Sea Breeze Lodge is a historic bungalow in Marine Parade, Singapore. Completed for businessman Choa Kim Keat in 1898, the building initially stood along the seaside. It is the last remaining bungalow along Marine Parade Road to have been built before reclamation works shifted the shore away from the road.

==History==
The single-storey bungalow, which initially stood 5m away from the sea, was built by prominent local businessman Choa Kim Keat of the Straits Trading Company. It is "arguably Singapore’s first waterfront private property." He used the building as a weekend retreat. During the Japanese Occupation of Singapore, the bungalow was occupied by Japanese soldiers. After the end of the occupation, the Choa family reoccupied the property. The bungalow is raised and a staircase leads up to the verandah at the front entrance.

Following reclamation works, which began in the mid-1960s, the shore moved away from the bungalow, which no longer stood by the seaside. The Choa family received multiple offers to redevelop the site, but they were rejected as Eric Choa, the grandson of Choa Kim Keat, wished to live the rest of his life in the bungalow.
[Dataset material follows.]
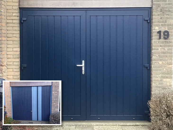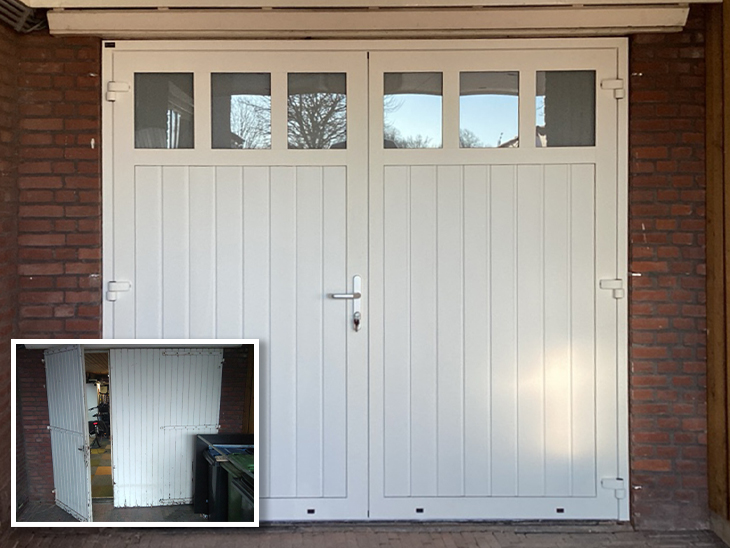 Ongelofelijk wat zo’n garage toegankelijker is geworden nu we de oude stalen loodzware kanteldeur hebben laten vervangen door prachtige nieuwe deuren. Je loopt voor je plezier nu de garage in.

The 47,400 sqft property on which the building, which has a gross floor area of 3,100 sq ft, stands, was opened for tender in May 2011 following the 2009 death of Eric Choa. It was sold to Orchard Mall of the Far East Organization for $103.8 million on 7 June. The sale set a "new benchmark land price for the area." The Choa family reportedly had "mixed feelings" about the sale, as they had owned the building for generations, although they were appreciative of its conservation. They claimed to have chosen this period to sell the house as the property market was "good." The bungalow was gazetted for conservation by the Urban Redevelopment Authority, which placed it within the Joo Chiat Secondary Settlement.